Qualifying events are situations that may arise during the plan year that allow you to make changes to your plan(s). Qualifying events are determined by the Internal Revenue Service and must follow what the IRS calls the ‘consistency rule.’ What this means is that the change to the plan is a logical response to the qualifying event. For example, the loss of your spouse’s job would not allow you to drop the spouse from the health insurance because that is not a change consistent with the qualifying event.

For a qualifying event, come to the Benefits Office with the necessary documentation and fill out paperwork to make that change. Unless otherwise indicated all documentation should be original documents.

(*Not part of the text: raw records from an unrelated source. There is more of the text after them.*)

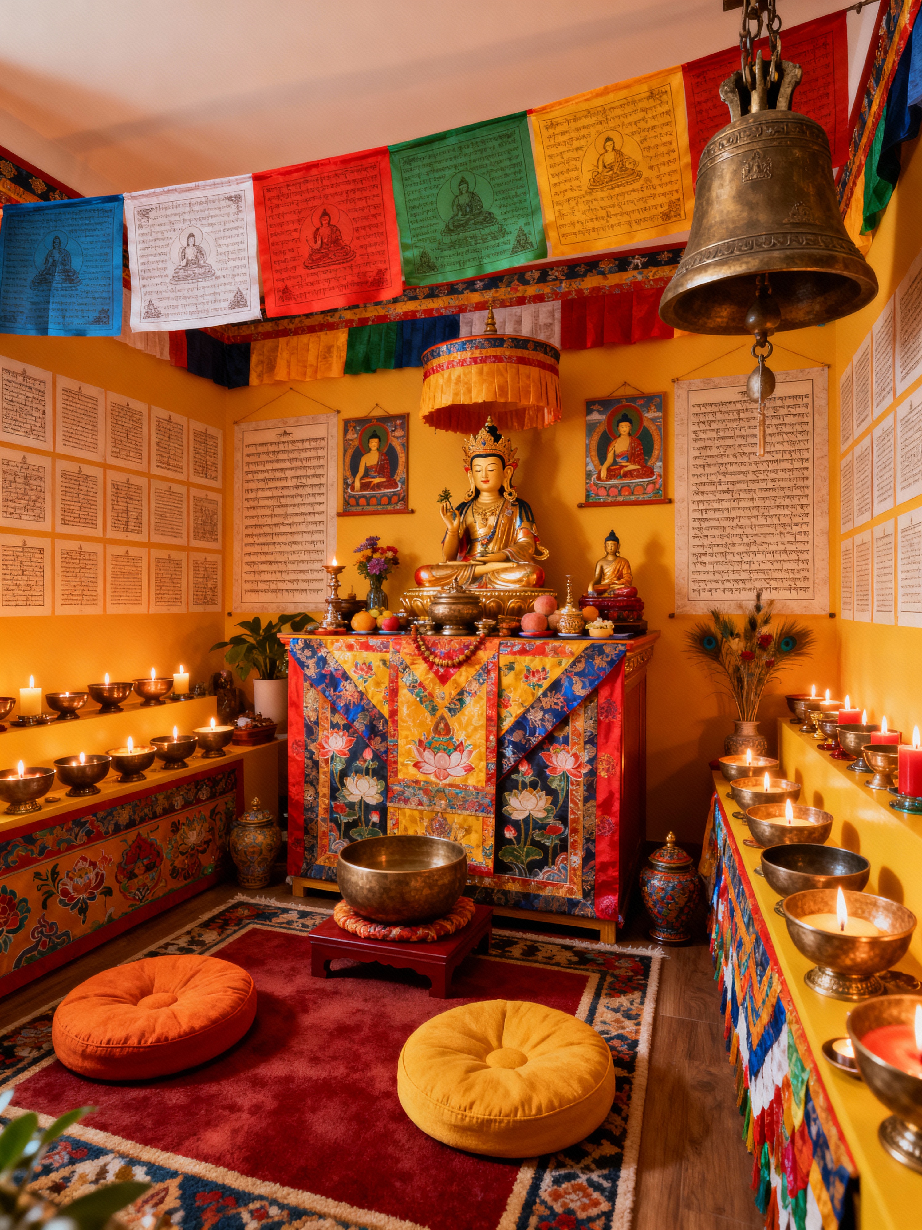 temple with maximalist style with sacred texts and candles and offerings bowl and prayer flags and meditation cushions and altar and bells and religious statues. . with over-the-top aesthetic and more is more philosophy and bold creativity and bold design and vibrant and bold colors and playful and bold patterns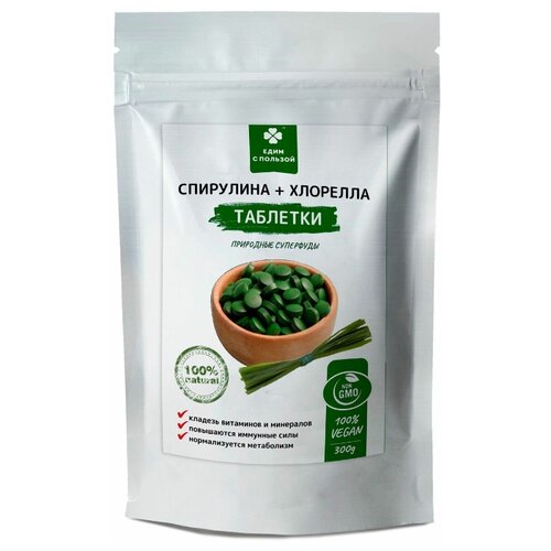 Спирулина Хлорелла,2 в 1, 600 таблеток по 500 мг / Суперфуд / VEGAN / Морские водоросли для Иммунитета
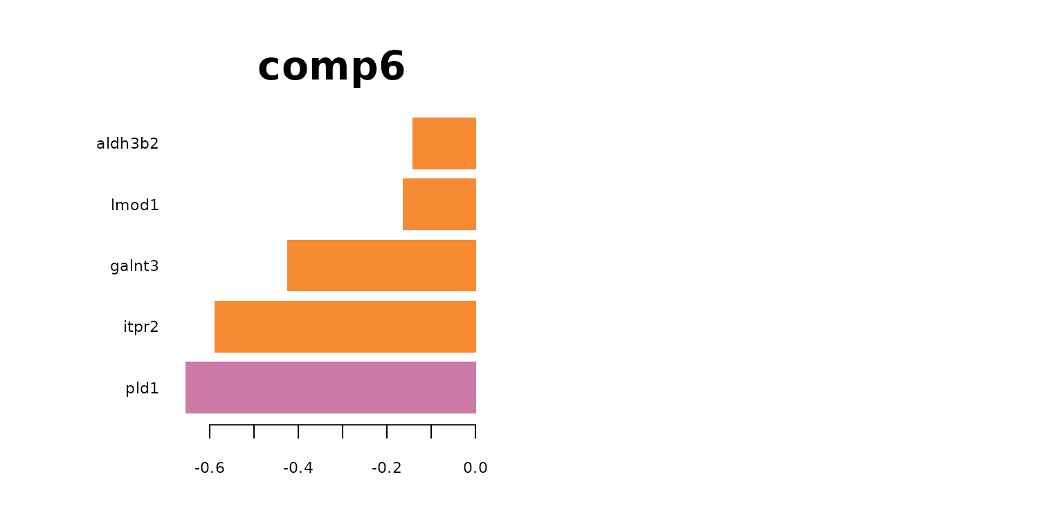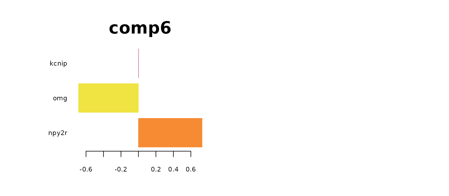 plotLoadings(mint.train, comp = 6, method = 'median', contrib = 'max' ,legend = FALSE, title = "comp6",cex.main = 3)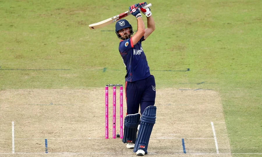 فرائیلنک 9، لافٹی ایٹون 5، اسٹینکیمپ 23 اور کپتان جرہارڈ ایراسمس 7 رنز بناکر پویلین لوٹ گئے جب کہ پاکستان کی جانب سے سلمان مرزا، محمد نواز اور شاداب خان نے ایک ایک وکٹ حاصل کی۔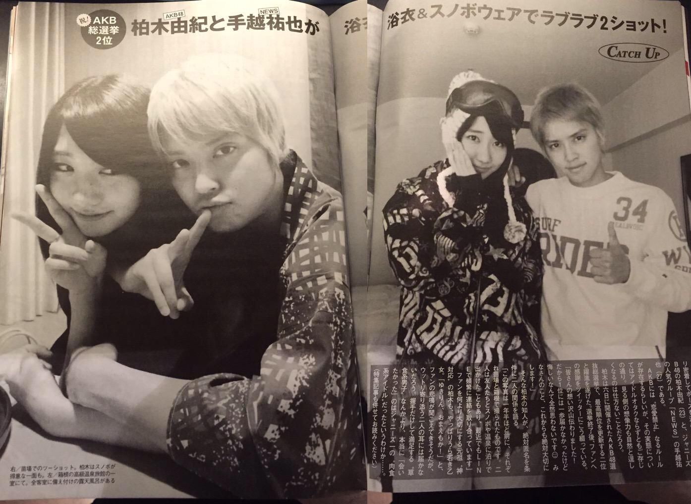 週刊文春「柏木由紀(23)と手越祐也(27)が浴衣&スノボウェアでラブラブ2ショット!」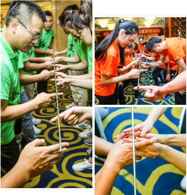 大家共同用食指支撐魚竿,不能有人手指離開魚竿的情況下將魚竿從頭至尾放到地上。取名簡單任務實則一點也不簡單,不允許有任何人出現(xiàn)失誤,一人不動則整體不動,一人動作快則導致整體分崩離析。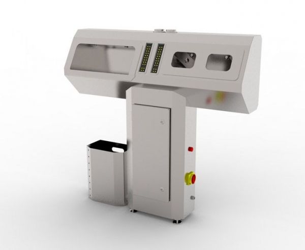 Санпропускник выполнен на стойке и оборудован модулем мойки, модулем дезинфекции, бачком с моющим раствором и бачком с дезинфицирующим средством. На переднюю панель санпропускника вынесены индикаторы заполнения бачков. Наполнение бачков моющим и дезинфицирующим растворами выполняется вручную.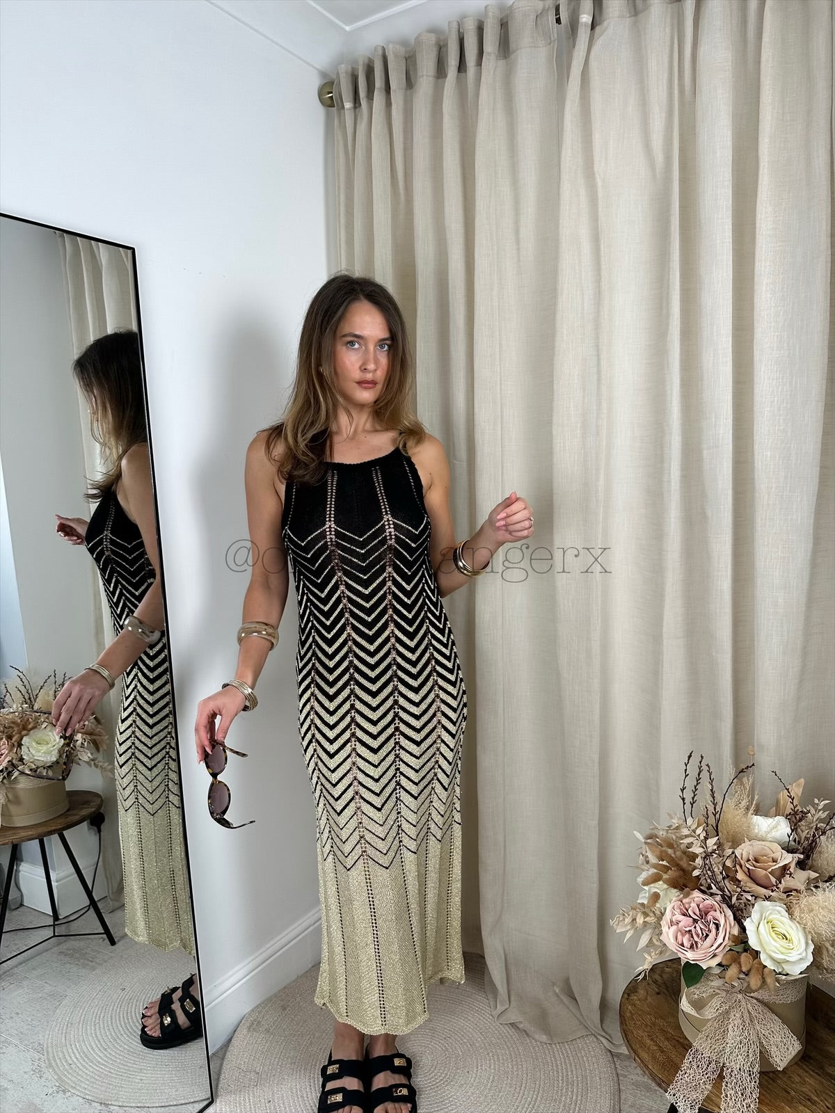 The super stretchy knit fabric, woven with gold lurex thread, not only offers a flattering fit but also unbeatable comfort. Dress it up or down, it's perfect for any occasion.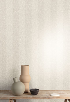 Fein strukturierte Vliestapete, Imitation eines gestreiften Tweed-Stoffes, Weiß- und Cremetöne, Perlmuttreflexe. Streifen ca. 6-7 cm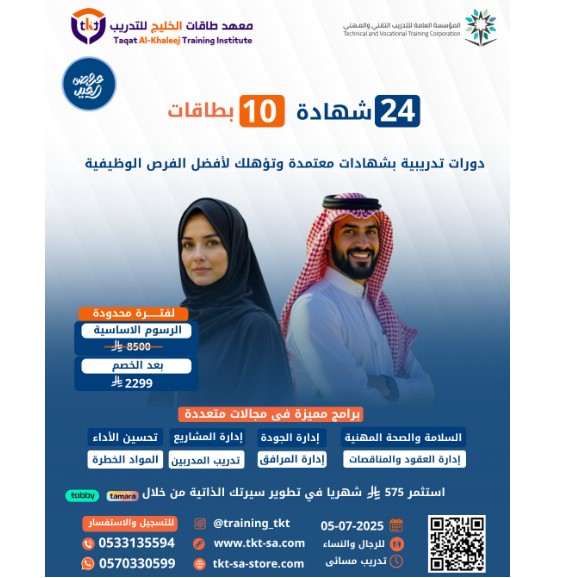عرض24 شهادة (دولية ومحلية ) + 10 بطاقات معتمدة تفاصيل البرامج\ 24 شهادة معتمدة \ 10 بطاقات معتمد\ يغلق التسجيل قبل بداية الدورة بيومين\ مدة الكورس : 18 يوم تدريب\ وقت التدريب : مسائي\ للرجال والنساء\ تقسيط متاح عبر تمارا وتابي\ المدرب: مدرب دولي معتمد\ الاعتمادات: اعتماد المؤسسة العامة للتدريب التقني والمهني واعتمادات بريطانية وامريكية\ تفاصيل الشهادات •أولا الشهادات الدولية\ 1- شهادة الأوشا الأمريكية OSHA 30hr\ 2-شهادة تقييم المخاطر المستوي الثاني من بريطانيا UK Risk Assessment\ 3- شهادة دورة مكافحة الحرائق من بريطانيا UK Fire Safety\ 4- شهادة التحقيق في الحوادث UK Accident Investigation\ 5- شهادة المستوي الثاني في السلامة المهنية HS L2\ 6- شهادة المواد الخطرة HAZMAT\ 7- شهادة معايير إعتماد إدارة السلامة والمرافق FMS\ 8- شهادة (TOT) Training of trainers\ 9-شهادة مؤشرات القياس الرئيسية KPIs\ • ثانيا شهادات من المؤسسة العامة للتدريب التقني والمهني\ 1- شهادة دورة السلامة والصحة المهنية وفق معاير أوشا الأمريكية OSHA-30hr\ 2- شهادة معايير إعتماد إدارة السلامة والمرافق FMS\ 3- شهادة دورة الوقاية من الحرائق وطرق الإطفاء Fire Safety\ 4-شهادة التحقيق في الحوادث\ 5 - شهادة تقييم المخاطر\ 6-شهادة WS\ 7- شهادة MS\ 8- شهادة إدارة العقود والمناقصات\ 9-شهادة المواد الخطرة HAZMAT\ 10-شهادة إدارة المشاريع الإحترافية\ 11-شهادة دورة ايزو ISO\ 12-شهادة تدريب مدربين\ 13-شهادة مؤشرات القياس الرئيسية KPIs\ 14- شهادة السلامة والصحة المهنية وفق معايير WSP البريطانية\ 15-شهادة إجراءات السلامة لكبلات الكهرباء Safe Procedures for Electrical Cables: Handling,\ Installation,Testing and Inspection\ •ثالثا البطاقات\ 1- بطاقة أوشا OSHA-30hr\ 2- بطاقة دورة إدارة المرافق FMS\ 3- بطاقة دورة 45001 ISO\ 4- بطاقة الوقاية من الحرائق وطرق الإطفاء Fire Safety\ 5- بطاقة تقييم المخاطر Risk Assessment\ 6- بطاقة لتحقيق في الحوادث Accident Investigation\ 7- بطاقة المواد الخطرة HAZMAT\ 8- بطاقة دورة إدارة المشاريع PMP\ 9- بطاقة IOSH MS\ 10- بطاقة إدارة العقود CM\ قيمة العرض : فقط 2299 ريال\ بدلا من 8500 ريال ( شامل قيمة الدورة والضريبة والشهادات والتدريب) لأول 7 مشتركين\ يتحمل المتدرب الرسوم الرمزية حال طلب شحن الشهادات\ سارع بالتسجيل قبل اكتمال العدد\ \ للتسجيل والاستفسار \ 0533135594 –\ 0570330599 طاقات الخليج للتدريب\ https://tkt-sa-store.com/EZEQPZQ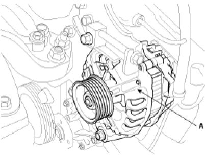 22. Install the alternator(A) and pretighten the mounting bolts.

Qualifying Event Deadline to Enroll Change Date Documentation Required
Marriage

Common law marriage

30 days from event date

Date of Event

Marriage license; Affidavit of Domestic Partnership ;

Declaration and Registration of Informal Marriage available at the County Clerk’s Office

Birth

Adoption

Placement for Adoption

60 days from event date

Date of Event

Birth certificate/birth facts document from the hospital;

Adoption agreement Custody /Guardianship Documents;

Portion of the divorce decree showing the dependent (if applicable)

Commencement of employment by spouse or change in hours affecting health insurance eligibility

(Gain of coverage)

30 days from event date

Date of Event

Offer letter indicating start date and date benefits begin;

Copy of completed enrollment form indicating when coverage begins and that change is due to new hire;

Letter from new company’s Human Resources Department

Termination of employment by spouse or change in hours affecting health insurance eligibility

(Loss of coverage)

30 days from event date

Date of Event

Certificate of Credible Coverage from health insurance provider;

Letter on company letterhead from the previous company indicating when coverage will end and reason coverage ending.

Death

30 days from event date

Date of Event

Original or Certified copy of the death certificate

Divorce

30 days from event date

Date of Event

Divorce Decree indicating date of dissolution of marriage.

Form 1095-C

Under the Pension Protection Act, the City of Fort Worth is now required to send employees a 1095-C form, which identifies who was covered by the city's health insurance plan for the plan year.

Employees should keep the 1095-C form with a copy of their completed tax returns after filing to avoid potential penalties in the event of an IRS audit.